Superai l'esame di terza media ed entrai al liceo femminile. Fu a scuola che incontrai la mia prima ragazza: si chiamava Sara. Furono i suoi polsi… erano bellissimi. Pensavo che ci saremmo amate per sempre. Ricordo che il nostro insegnante ci disse che era una fase adolescenziale, che sarebbe passata crescendo. Per Sara fu così, per me no.
Nel
Avevo sempre saputo cosa fare nella vita, e nel 2015 recitai nel mio primo film: "Le pianure di sale". Fu il ruolo più importante della mia vita, non per la mia carriera ma perché fu lì che incontrai Ruth. La prima volta che ci baciammo, capii che non avrei mai più voluto baciare altre labbra al di fuori delle sue.
Andammo a vivere insieme in un appartamentino a Londra. Lei coltivava le Scarlett Carson per me nel vaso sulla finestra e la nostra casa profumava sempre di rose. Furono gli anni più belli della mia vita.
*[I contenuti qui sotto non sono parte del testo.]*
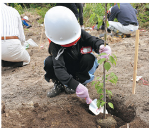
苗木を丁寧に植えています

この植樹祭は「緑の募金公募事業」の対象事業として実施したもので、一人一本「梅」の苗を植え、苗に自分の名前を書いたプレートを付け、獣害防止ネットをかぶせて完了です。
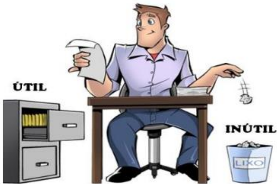
Figura 1 – Seiri: Senso de utilização
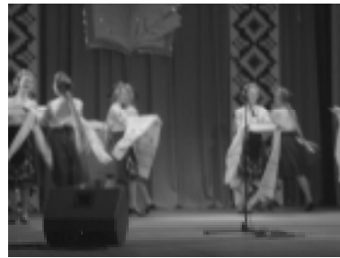
Праздничный концерт в разгаре.

И действительно, если бы не героизм русских солдат, то сегодня не только в Измаиле, но и по всей южной Европе в ходу была бы арабская вязь.
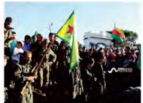
Kurdish fighters of the YPG [leading SDF member] in Afrin bid farewell to comrades killed during clashes against ISIS.

“We will not leave the separatist organization in peace in both Iraq and Syria,” Erdogan said, in reference to the YPG. ●
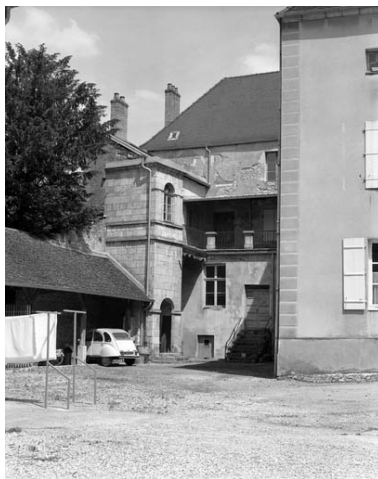
Façade antérieure : détail. IVR43_19897000475X
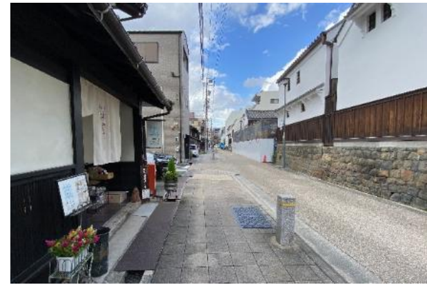
エリアリノベーションにより景観が再生された事例 (名古屋市西区那古野)
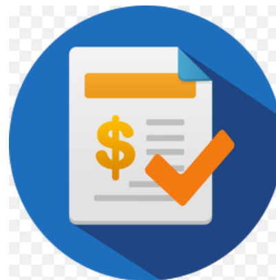
LIMITE OPERACIONAL DIÁRIO
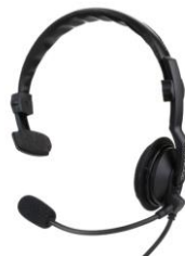
KHS-7A-SD CUFFIA MONO AURALE CON MICROFONO A LABBRO
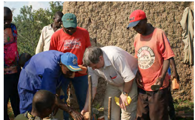
Juillet 2009, pose des premières briques
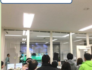
交通管制室を見学
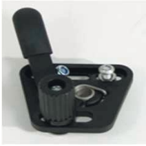
XES060001 Стандартный тормоз
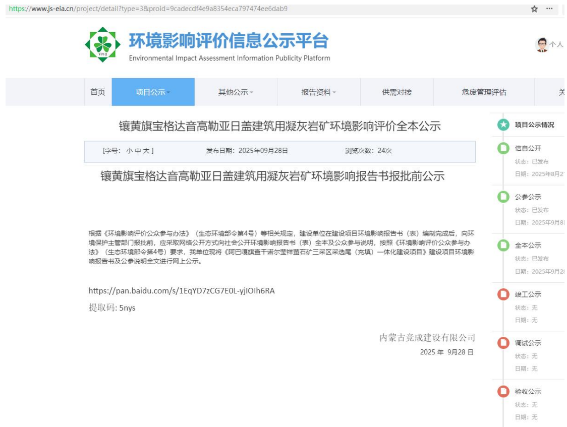
图 6.2-1 报批前公示截图
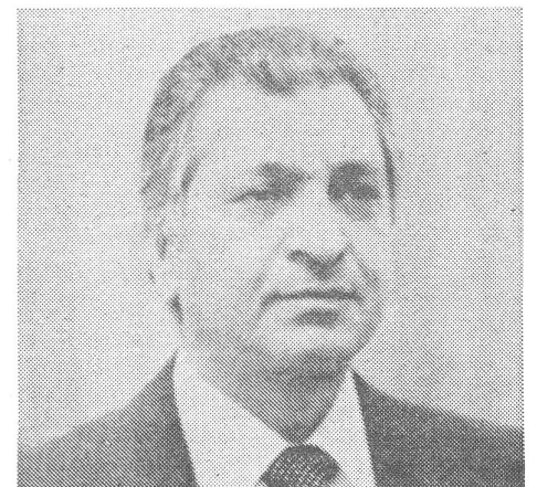
Familienangehörige und Geld nach Frankreich geschafft: Babrak Karmal.

Den ersten Grund zeige ich Ihnen an einem Beispiel. Zwischen dem 19. und dem 21. Januar und wiederum zwischen dem 23. und dem 29. Januar 1984 haben die Sowjets in zwei Wellen
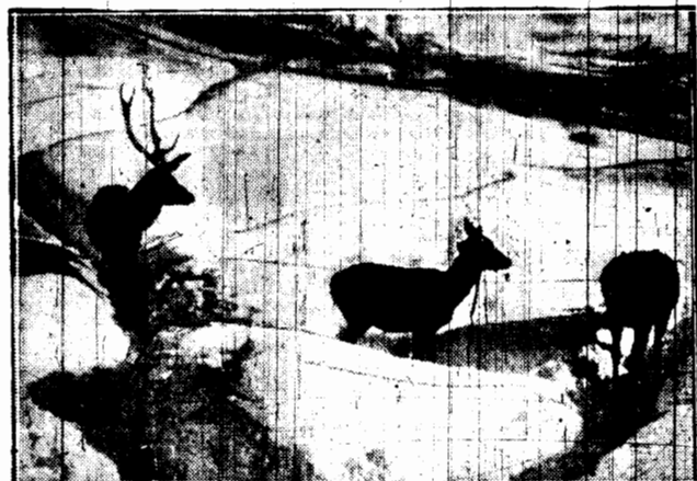
Jeden z szary nie widza piękności zasneżonych pol gorskich. Widza jedynie, że twarzą zmarzniętą skorupa zamknięta im wszelki dostęp do żdźbła trawy, że czeka ich może śmierć głodowa.
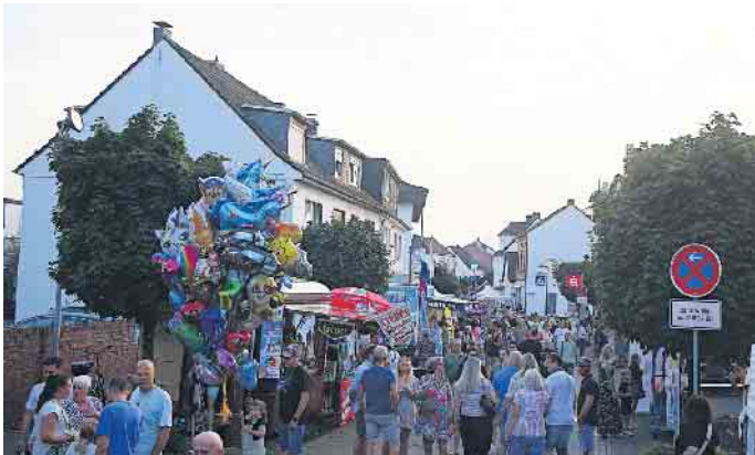
So soll es auch beim 29. Hangelarer Spektakel sein.

und Gemeinschaftssinn gefördert werden soll und auch den Versuch, dem Online-Handel durch persönliche Ansprache und Betreuung etwas entgegen zu setzen. Eröffnet wird das Spektakel am Samstag, 6. September, um 14:30 Uhr, auf dem Richthofen-Kreisel mit dem traditionellen Fassanstich durch den Bürgermeister der Stadt Sankt Augustin. Am Samstag endet das Programm um Mitternacht, um dann am Sonntag, 7. September, von 11 bis
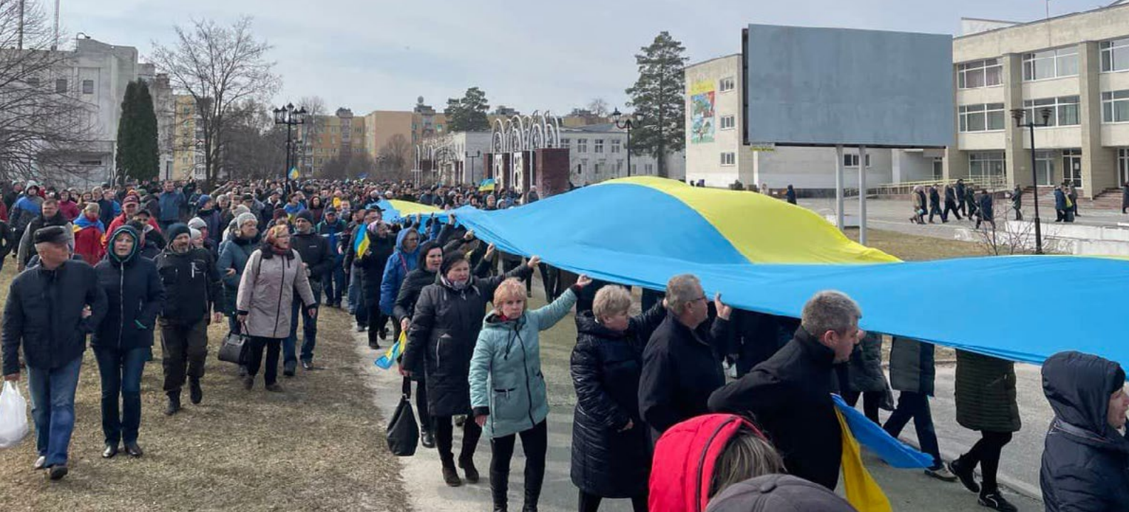
Мітинг у Славутичі з розгортанням великого українського прапора.
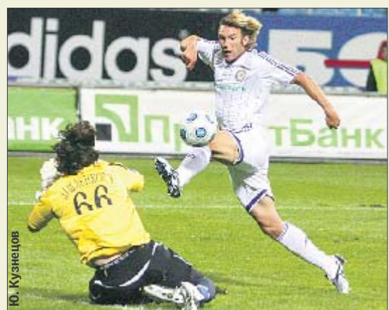
■ 31 августа 2009. Возвращение Андрея Шевченко в «Динамо» произошло в Киеве фуор. Против донецкого «Металлурга» (3:1) Шева вышел на второй тайм. Был не в лучшей форме, но вся команда играла на него. На последней минуте Андрей забил пенальти и сам его реализовал!
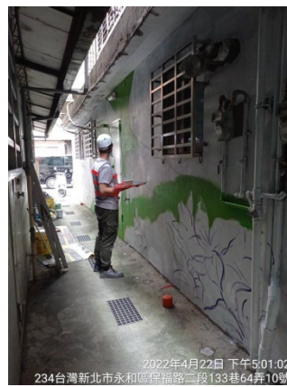
2022年4月22日 下午5:01:02 234台灣新北市永和區保福路二段133巷64弄10號
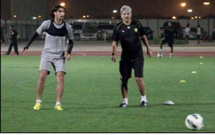
اثناء الوحدة التدريبية في ملعب عجمان
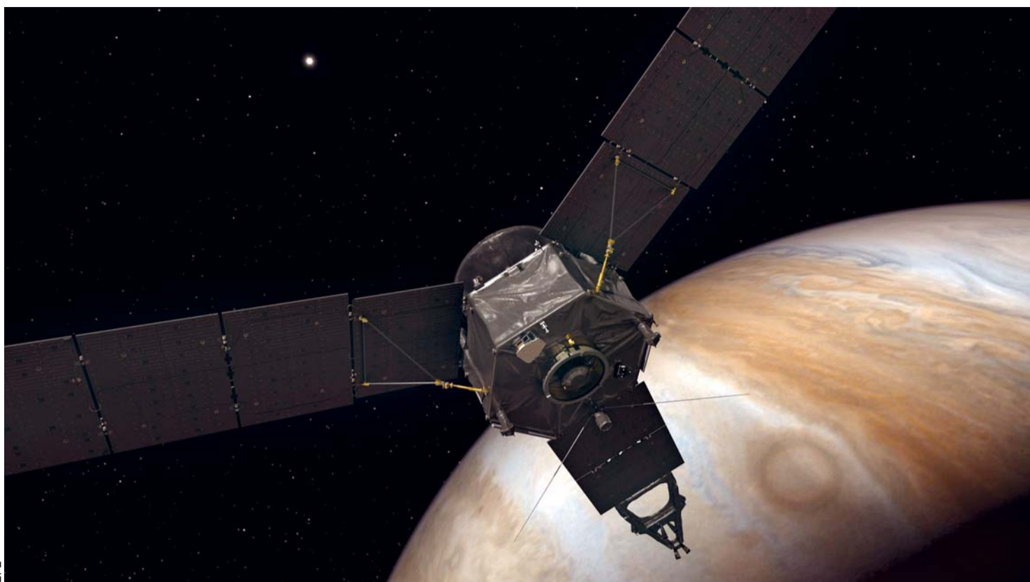
LA NAVE, LANZADA HACE CASI CINCO AÑOS, FUE EQUIPADA CON NUEVE INSTRUMENTOS CIENTÍFICOS QUE DEBERÍAN SERVIR PARA ACLARAR LOS ENIGMAS, PERO AL MISMO TIEMPO JÚPITER, CON SU RADIACIÓN EXTREMA Y OTROS PELIGROS DESCONOCIDOS, NO VA A PONER LAS COSAS FÁCILES.

Ma la guerra in America divorò quasi tutto e alla fine arrivò a Londra.
A quel punto non ci furono più rose… per nessuno.
Ricordo come cominciò a cambiare il significato delle parole. Parole poco comuni come "fiancheggiatore" e "risanamento" divennero spaventose, mentre cose come "Fuoco Norreno" e "Gli articoli della fedeltà" divennero potenti. Ricordo come "diverso" diventò "pericoloso". Ancora non capisco perché ci odiano così tanto.
Presero Ruth mentre faceva la spesa. Non ho mai pianto tanto in vita mia. Non passò molto tempo prima che venissero a prendere anche me.
Sembra strano che la mia vita debba finire in un posto così orribile, ma per tre anni ho avuto le rose e non ho chiesto scusa a nessuno.
Morirò qui… tutto di me finirà… tutto… tranne quell'ultimo centimetro… un centimetro… è piccolo, ed è fragile, ma è l'unica cosa al mondo che valga la pena di avere.
Non dobbiamo mai perderlo, o svenderlo, non dobbiamo permettere che ce lo rubino… Spero che chiunque tu sia, almeno tu, possa fuggire da questo posto; spero che il mondo cambi e le cose vadano meglio ma quello che spero più di ogni altra cosa è che tu capisca cosa intendo quando dico che anche se non ti conosco, anche se non ti conoscerò mai, anche se non riderò, e non piangerò con te, e non ti bacerò, mai… io ti amo, dal più profondo del cuore… Io ti amo.
– Valerie.
A questo proposito molte altre opere che abbiamo visto si riferiscono all'autocoscenza ed alla resa (Marina distesa sul bagnasciuga che si lascia colpire dalle onde del mare, Marina nuda sotto uno scheletro e molte altre) ma ho descritto la sopraccitata perché è quella che mi ha colpito di più, quella che non mi sarei aspettato, quella in cui mi sono rispecchiato.
L'assenza di ansia, di arrabbiatura, di paura derivanti dalla resa sono la risposta per scavalcare, bruciare e distruggere i nostri limiti!
In conclusione, malgrado il suo metodo sia spesso non
comune, violento, incomprensibile, Marina Abramovich è innegabilmente una
grandissima performer, una ribelle del suo tempo, una perla rara nello scenario
dell’ultimo secolo. Ella ha trovato la strada verso la dimensione interiore,
verso il lato nascosto della mente umana e verso i limiti fisici e psichici ai
quali l’uomo è sottoposto riuscendo anche mediante modi non propriamente
convenzionali a fare arte di una cosa che i più sottovalutano: il proprio
corpo.
bene bene bene! signor Faccin...stiamo raggiungendo livelli più alti conoscenza! mi piace molto la modalità con la quale riesci a fare tue cose apparentemente distanti da te, dall'immagine che fin ora hai dato di te.vere e intense le tue iflessioni...il senso di resa, di abbandono al corpo fa di noi dei performers danzatori per cui fiondati dentro questa crisi e tieniti forte...sarà la tua salvezza!